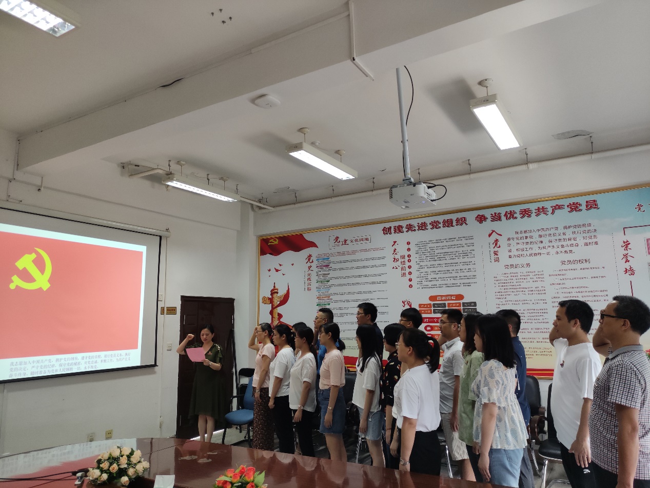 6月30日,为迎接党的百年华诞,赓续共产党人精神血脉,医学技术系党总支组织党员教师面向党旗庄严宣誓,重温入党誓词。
__________________________________________________
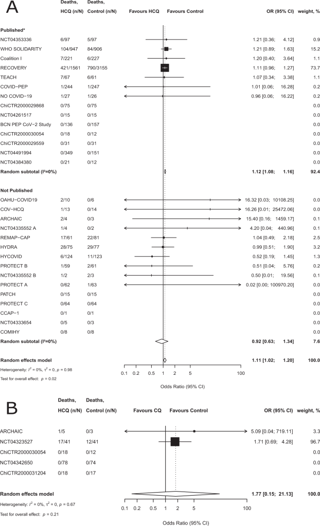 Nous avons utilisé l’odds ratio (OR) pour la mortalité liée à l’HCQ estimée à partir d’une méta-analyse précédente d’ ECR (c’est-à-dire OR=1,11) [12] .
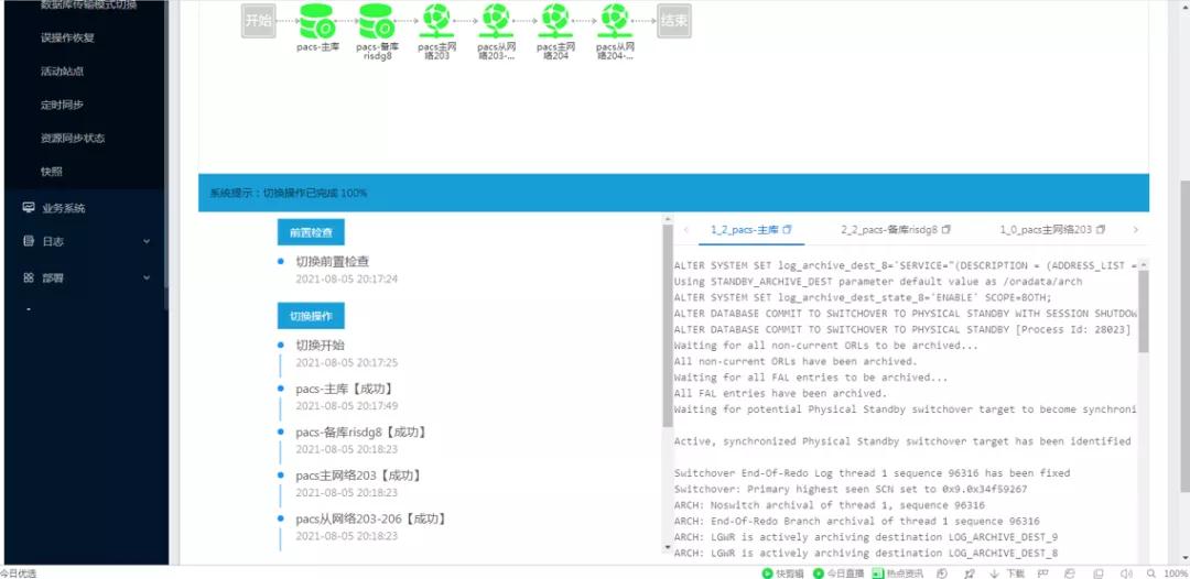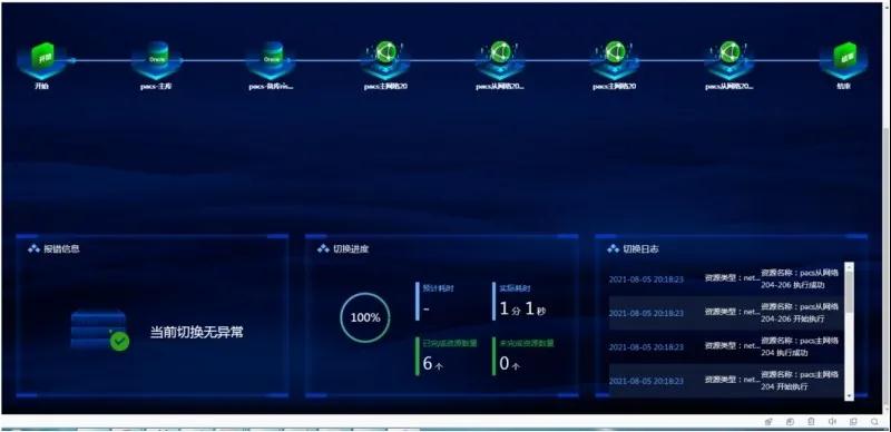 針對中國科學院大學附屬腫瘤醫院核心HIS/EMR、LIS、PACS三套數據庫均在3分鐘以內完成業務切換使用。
__________________________________________________
### WHAT THIS TASK INVOLVES:
The response must repeat exactly the lines above from the one with "Nous avons utilisé" through the one with "針對中國科學院大學附屬腫瘤醫", including both, and must contain no pictures and no other text.

### YOUR RESPONSE:
 Nous avons utilisé l’odds ratio (OR) pour la mortalité liée à l’HCQ estimée à partir d’une méta-analyse précédente d’ ECR (c’est-à-dire OR=1,11) [12] .
 針對中國科學院大學附屬腫瘤醫院核心HIS/EMR、LIS、PACS三套數據庫均在3分鐘以內完成業務切換使用。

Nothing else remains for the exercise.